I just upgraded the ycv40 *today* to ycv40wr, so I may not be looking to buy a speaker right now, but it's possible in the future.
Thanks for taking the time to answer!!

NM


----------



## 1PUTTS (Sep 8, 2007)

Yerffej said:


> Theres actually a really good supplier here in kitchener. they keep tons of eminence stock in particular. I think its called speakers plus or something. its just on a side street by the mall, next to shooters choice


They are in Waterloo, actually but...no matter. I went in there with a friend who was buying a few speakers for a cabinet he was building. I have to say, I've never seen anyone so enthusiastic about speakers as the guy behind the counter.

I wasn't there to buy anything myself but just listening to this guy and how excited he was about this speaker or that speaker, he's got the spec charts out and they're comparing ratings etc.
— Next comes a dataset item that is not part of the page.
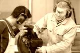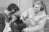 young man being shown circular saw in factory
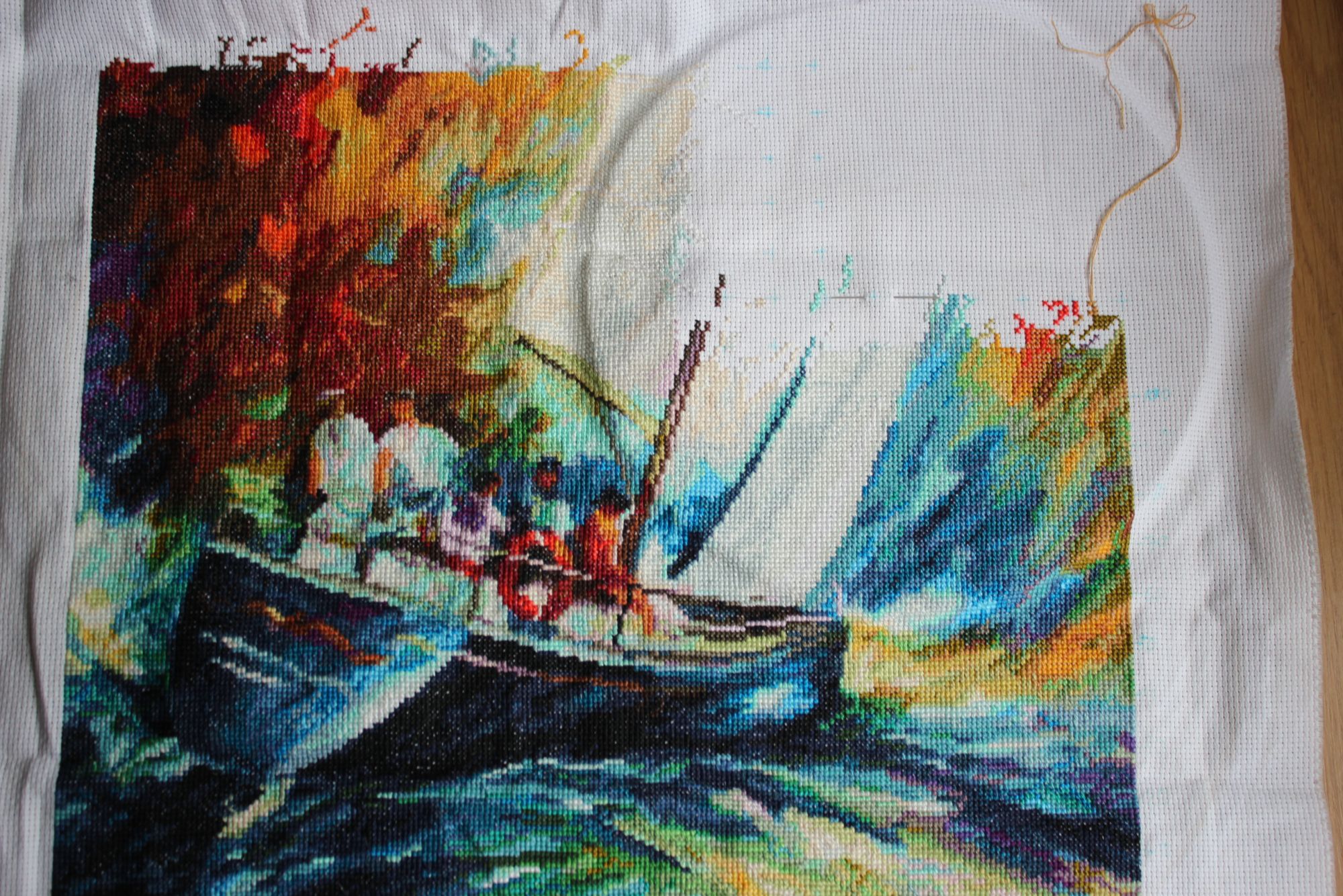 17 апреля 2017 Привет! Как-то незаметно опять пролетели две недели... "...я постоянно, всем телом ощущаю, как течет через меня время, проливается через край, утекает..." (Макс Фрай, Ключ из желтого металла). Ну а если без философии - то кое-что навышивалось, покажу. 1. Лошади. Мой долгостройный процесс, страшно даже подумать, что эта красота так и лежала бы сейчас в коробочке с начатой мордой первой лошади...Лист не закончен, но фотографировала разворот - похвастаюсь, потому как они ну очень красивы! 2. Для тех, кто волнуется за судьбу Парусника, пропустившего поездку в Питер) Немножко, но пошился...там крестиков около 1500 всего... Простите, пяльца не стала снимать, буду стараться шить потихоньку. Было/стало И кусочек поближе в солнечную погоду. Потрясающие цвета просто! 3. Могу предложить уже кофейку желающим - вышилась чашечка и кофейные зерна, которые добавляют объема картинке. Поднос шьется скучно...но он скоро кончится. Было/стало 4. Был у меня денек, когда требовался позитив - срочно-срочно, и не из того, что было под рукой...ну из разряда - чего хочу - не знаю, чего знаю - не хочу...Вытащился панновский наборчик - Календарь радости, с веселыми мышами (правда в нашем семействе это все-таки крыски, когда-то держали этих животных и очень их любили). Там был вышит только апрельский крысеныш, и пошла я не в май, как требовала логика, а сразу в июль, начала вышивать дамочку, блаженствующую с удочкой под пальмой... Ну, пока только пальма и кусочек песка, но уже очень туда хочется... 5. Ну и...у меня новая гаечка! Не, ну сколько можно уже жить, не попробовав, что такое гобелен??? Итак, Лука`с, Осенний пейзаж (или Осенняя мельница). Непривычно было только первую ниточку...потом даже не задумываешься, как положить стежок... И очень нравится, как получается! (Правда, пришлось уже распороть кусочек - этот процесс ну совсем не понравился!) Смешно смотреть, как меленько все получается по сравнению с соответствующим участком схемы)) 6. Новые гаечки - это конечно здорово...но вообще-то, четвертый месяц года идет, надо бы и заканчивать что-то...составила вот такой коллажик наборов, у которых есть шанс быть законченными в этом году. (Вообще-то надо штук 10 хотя бы, чтобы не отстать от прошлого года, но может позже к этому списку добавится что-то еще). Так что очень прошу дружественных пинков в сторону зеленения гаек! Всем теплой весны, нежной зелени и солнечного настроения! Nat717, hobby_time, solnishko-ym и 24 других сказали спасибо Поделиться сообщением Ссылка на сообщение

I darn near almost bought a few myself! This guy obviously enjoyed what he was doing.

Anyhow, yes - I would agree that this place in Waterloo certainly knows their stuff when it comes to speakers. If I ever need to replace mine, I know where I'm going.


----------



## Mooh (Mar 7, 2007)

McBride Loudspeaker Source Ltd (Q Components), 519-884-1140, (www.loudspeakers.ca) in Waterloo, have always been good to me. They all know their stuff, but ask for Terry.

Peace, Mooh.


----------



## 1PUTTS (Sep 8, 2007)

Mooh said:


> McBride Loudspeaker Source Ltd (Q Components), 519-884-1140, (www.loudspeakers.ca) in Waterloo, have always been good to me. They all know their stuff, but ask for Terry.
> 
> Peace, Mooh.


Yeah, that's the place! I didn't have the name handy but it's definitely the one on Colby. And I think the guy behind the counter was named Terry. Man, I've never seen anyone so enthusiastic about speakers as that guy. He certainly knows his stuff when it comes to speakers.


----------



## RIFF WRATH (Jan 22, 2007)

I also have had the pleasure of talking with Terry on the phone. seemed very knowledgeable and enthusiastic.
they carry the Emminence line. 
cheers
RIFF


----------



## Mooh (Mar 7, 2007)

Terry is an old friend and as fair and honest as can be. The speaker business is in his blood. Tell him Crocker sent you.

Peace, Mooh.


----------